The priors and time series components are then combined into a single character value for input:

  jags_model <- [1689 chars quoted with '"']

As a starting point, we used an initializer function (inits) that draws starting values for the MCMC from the prior distributions. In addition, because we anticipate multiple chains, we include random number generator and input components.

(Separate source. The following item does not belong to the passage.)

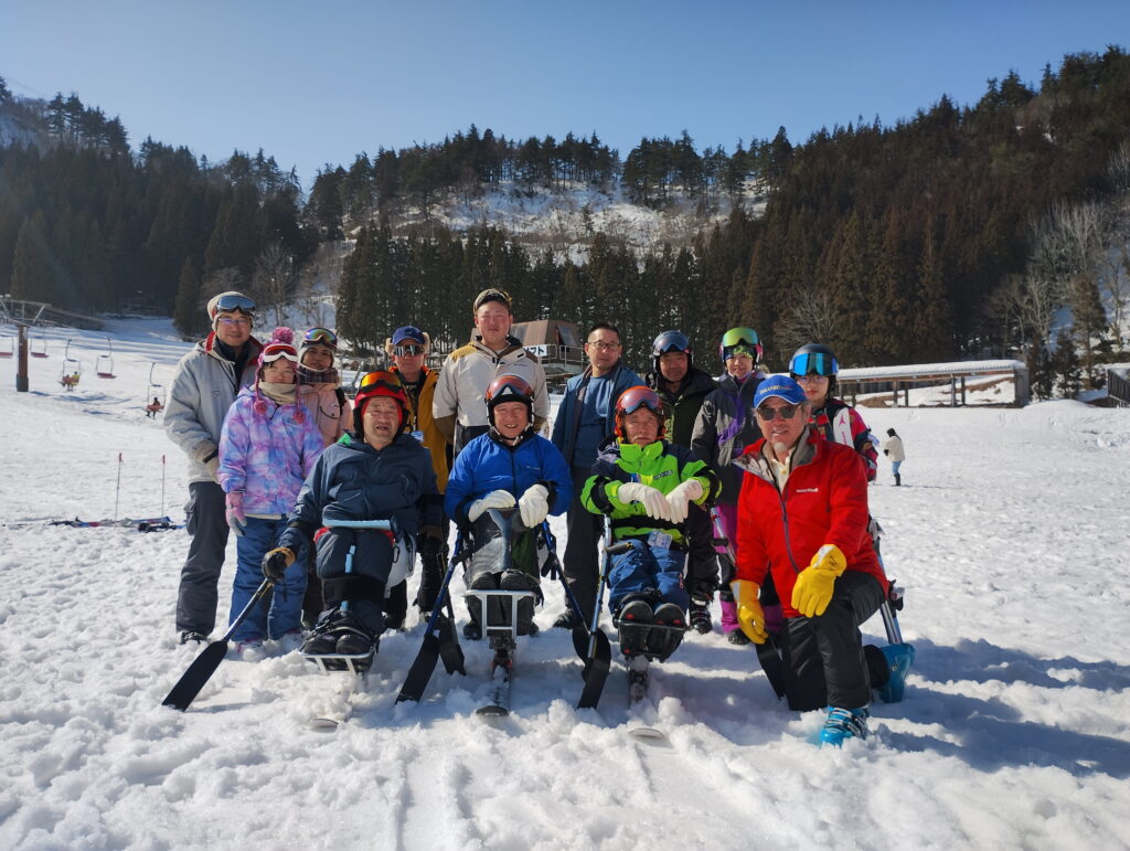 滑り終えて参加者全員の集合写真をパシャリ。みなさんご参加ありがとうございました。スノースポーツ教室ではさまざまな障がい者が参加されております。教室担当の高村さんは車椅子で活動されており、チェアスキーが非常に達者です。また、指導員や慣れた参加者のサポートを受けられますので、ご興味のある方は富山県障害者スポーツ協会に掲載されるスポーツ教室のしおりを御覧ください。

The inits function takes the data provided as input, thus allowing use of the prior data, and returns a function that can be used within runjags::run.jags for a given chain:


  inits <- function (data = NULL) {

    rngs       <- c("base::Wichmann-Hill", "base::Marsaglia-Multicarry", "base::Super-Duper", "base::Mersenne-Twister")
    past_N     <- data$past_N 
    past_count <- data$past_count 
    past_moon  <- data$past_moon

    log_past_count      <- log(past_count + 0.1)
    mean_log_past_count <- mean(log_past_count)
    sd_log_past_count   <- max(c(sd(log_past_count) * sqrt(2), 0.01))
    diff_log_past_count <- rep(NA, past_N - 1)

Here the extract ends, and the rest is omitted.